What would we do in every Service Layer function where we need to process a user-provided session id? It’s not enough to get it from the datastorage, we also need check whether it’s valid or not and mark it as “used” i.e. prolong it being valid. This is some kind of logic we’d like to avoid duplicating. Any logic being duplicated is a sign that you need to introduce a new domain term that would be responsible for that logic.

Here I put all that into the SessionRepository:

The code implementing this logic:

class SessionsRepository extends \Doctrine\ORM\EntityRepository
{
    public function getValid($id)
    {
        $session = $this->find($id);
        if (!$session) {
            throw new \DomainException('Session is not found');
        }
        if (!$session->isValid()) {
            throw new \DomainException('Session is no longer valid');
        }
        $session->refresh();
        $this->_em->persist($session);

        return $session;
    }
}

Here’s the list of Service Layer functions (the system’s public API) I’ve added for these new domain objects:  

MVC  

A few MVC additions here.
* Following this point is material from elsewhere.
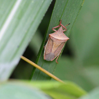 エビイロカメムシの成虫もいました。成虫は厚みのあるごく普通のカメムシスタイルです。
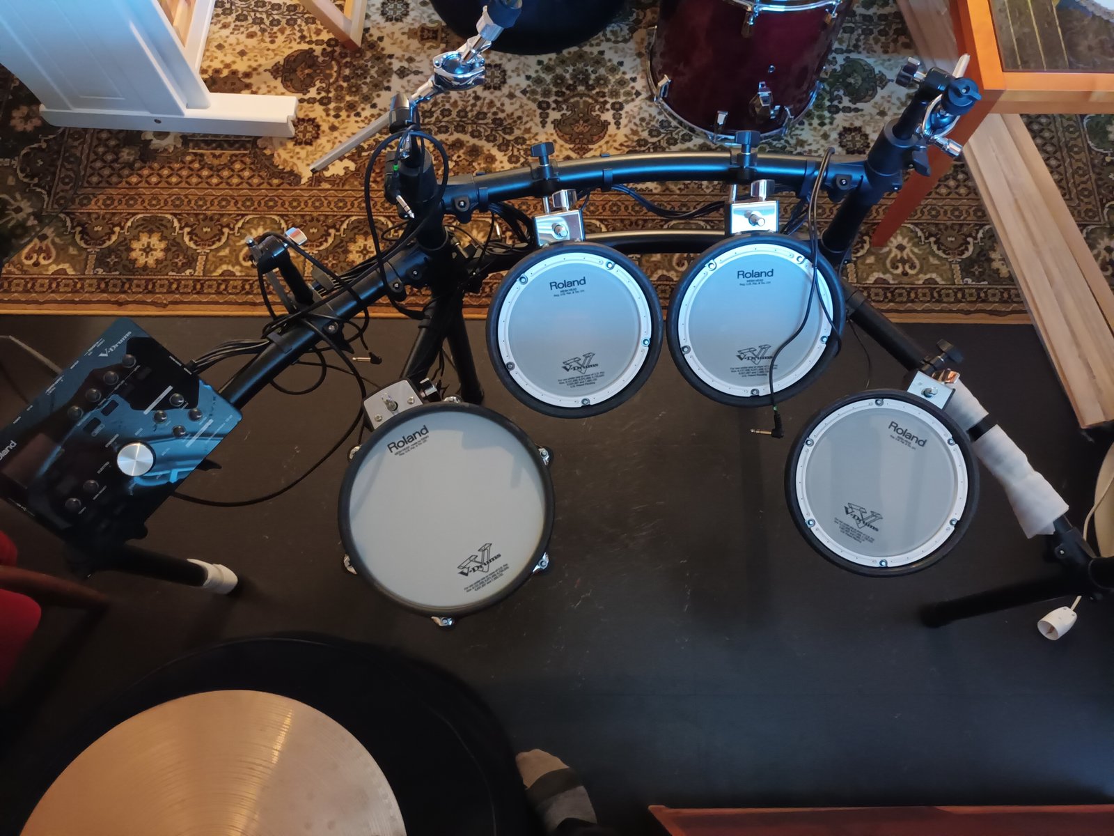Uudenveroinen Roland td-25k sähkörumpusetti. Hyvin vähällä käytöllä ollut. TD-25 Äänimoduuli. 1 kpl PDX-100 10-inch mesh-head snare pad 2 kpl PDX-6 6.5-inch pads for rack toms 1 kpl PDX-8 8-inch pad for floor tom 1 kpl VH-11 V-Hi-Hat 1 kpl CY-12C 12-inch crash cymbal 1 kpl CY-13R 13-inch ride cymbal KD-9 kick pad Roland räkki ja ohjekirja. Mielellään nouto. Lähetys myös onnistuu jolloin rahtikulut lisätään. Voin myös toimittaa lähialueella. Hinta: 1400 € | |

I’ve added an action helper that attempts to view current session data and if it’s a registered user using the system now - it switches the layout:

class SessionActionHelper extends \Zend_Controller_Action_Helper_Abstract
{
    public function preDispatch()
    {
        $authService = \ServiceLocator::getAuthService();
        $sessionId = $this->getRequest()->getCookie('sessionid');
        if ($sessionId) {
            try {
                $session = $authService->viewSession($sessionId);
                // Switching layout
                $this->_actionController->view->layout()->setLayout('company');
                // Save session data for possible further use in the View:
                $this->_actionController->view->assign('session', $session);
            } catch (DomainException $error) {
                // An error catched during session retrieval, we remove the cookie
                $expires = new Zend_Date(0, Zend_Date::TIMESTAMP);
                $this->getResponse()->setHeader('Set-Cookie',
                    'sessionid=; '
                    . 'expires=' . $expires->get(Zend_Date::COOKIE) . '; '
                    . 'HttpOnly; '
                    . 'path=/'
                );
            }
        }
    }
}

This way if you log in you’ll see a different set of menus and current session data information (like the email):

It’s a de facto standard these days to save session ids in the browser’s cookies so it’s all transparent for the users. I decided to follow that best practice: when user logs in, the browser is requested to remember the id in the cookies, when they log out - the cookie is cleared:

class AuthController extends Zend_Controller_Action
{
    public function loginAction()
    {
        if ($this->_request->isPost()) {
            $authService = \ServiceLocator::getAuthService();
            $session = $authService->loginUser(
                $this->_getParam('email'),
                $this->_getParam('password')
            );

            // Setting sessionid cookie header
            $expires = new Zend_Date();
            $expires->addDay(7);
            $this->getResponse()->setHeader('Set-Cookie',
                'sessionid=' . $session->getId() . '; '
                . 'expires=' . $expires->get(Zend_Date::COOKIE) . '; '
                . 'HttpOnly; '
                . 'path=/'
            );
            $this->_redirect('/company/dashboard');
        }
    }

    public function logoutAction()
    {
        $authService = \ServiceLocator::getAuthService();
        $authService->logoutUser($this->getRequest()->getCookie('sessionid'));
        // And remove the cookie
        $expires = new Zend_Date(0, Zend_Date::TIMESTAMP);
        $this->getResponse()->setHeader('Set-Cookie',
            'sessionid=; '
            . 'expires=' . $expires->get(Zend_Date::COOKIE) . '; '
            . 'HttpOnly; '
            . 'path=/'
        );
        $this->_redirect('/');
    }
}

All the code has been published to GitHub, and made live in production.